听说中原人很多臭规矩,很讲究门第,反对男子入赘。
也瞧不起入赘的男子。
我现在问这话还为时过早,只是我自己一头热而已。
被若羌知道了,是会埋怨我的,毕竟她和阿恕之间还没有挑明。
米兰城是楼兰的姐妹城,城主雅茹姑姑是萨哈的堂妹。
她有两个孪生女儿,姐姐叫若羌、妹妹叫若耶。
米兰城虽然离我们楼兰不远,只两天不到的马程,习俗却与我们大不相同。
城里都是女人当家作主,若羌作为长女,按照祖制,城主由她袭位。
若羌和若耶的美丽,就像高山上的雪莲,高贵雅致,玉洁冰清。
虽然若羌是我们西域女子,可是不知为什么?她的个性像极了汉人女子,温柔善良,腼腆秀气。
有事埋在心里,让我这旁边的人看着都急。
而她的妹妹若耶,性格却相反,精明能干,心思细腻。
从小就与阿尔泰订有婚约,将来也是我们楼兰的王后。
我和阿尔泰从小就与若羌若耶认识,又有着这些关系,自然更是比旁人亲厚。
若羌什么事都埋在心里不说,可是经常跑去米兰城玩的我,自然知道她的一些心事。
韩让对于我的贸然打听有点诧异,但还是回答我:“堂兄十几岁就离开家乡,当时家里还没来得及给他定下亲事。要是在家中,肯定早就成家了。”
又叹了一口气,忧急的说道:“家中婶娘派人多年寻找,如今已是病入膏肓了。堂兄却不知为什么?不肯随我回去。”
我心里大吃一惊!
什么?他居然想要阿恕和他回去?那若羌怎么办?
不过阿恕不肯和他回去,这样很好!
不由暗自觉得好险,幸亏阿恕不肯,否则若羌岂不是伤透了心?
我好奇的问:“阿恕有没有和你说为什么不能和你回去?”
他是因为若羌吗?
阿恕也是个闷葫芦。
他和若羌两人,一个是米兰城的圣女,一个是米兰城的医师。
若羌心善,经常为城中的人们送药看病,两人经常在一起相处。
可这么多年,也不见他们挑明。
如今他母亲病了他都不回去,难道阿恕舍不得离开若羌?
想到这里我为若羌感到欢喜。虽然由于夏克娜,我对中原人总有点信不过,但是阿恕在米兰这么多年,总也算半个米兰人了吧!

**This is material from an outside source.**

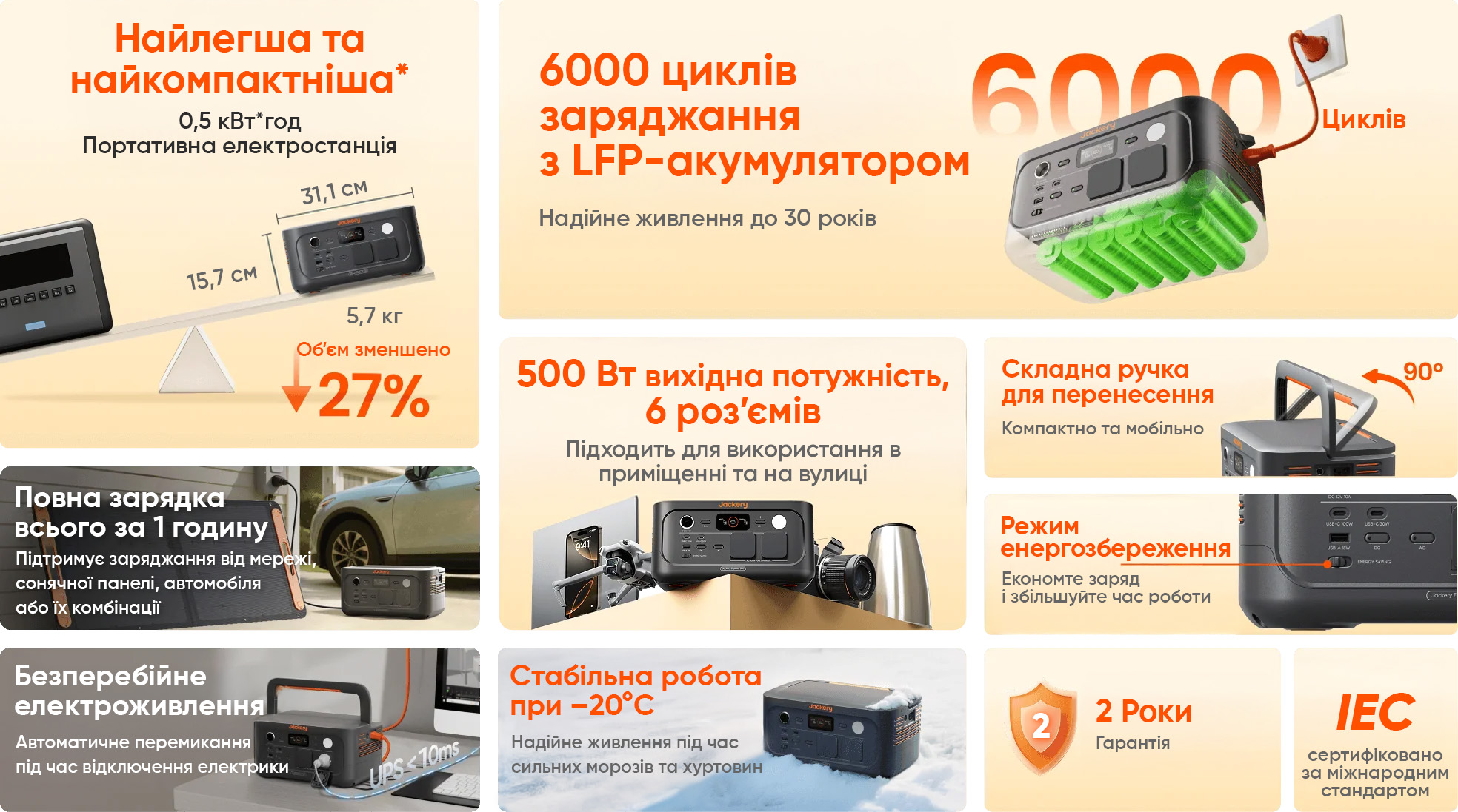 Ємність 512 Вт*г і потужність 500 Вт: ідеально підходить для 1–2-денних кемпінгових пригод або як надійне аварійне джерело живлення вдома. Завдяки 6 виходам електростанція може одночасно живити кілька пристроїв — від смартфона і ноутбука до кемпінгових ліхтарів і холодильників (загальне навантаження до 500 Вт).

没想到韩让居然淡淡一笑,说:“堂兄有心结,不过因为涉及家族名誉,恕在下不能为公主解惑。”
要不是事关若羌,我也懒得有兴趣打听。
不说就不说,我也不一定要听,反正只要阿恕不走就行了。
相反,我倒希望这个韩让赶快走,免得他又生事,偏要把阿恕带回去。
我想一定要快点促成他启程,早走早安心。
阿尔泰仔细的上下打量了韩让,问他:“阿恕是我们这里很好的医师,他的医术是你们家里世代相传的吗?”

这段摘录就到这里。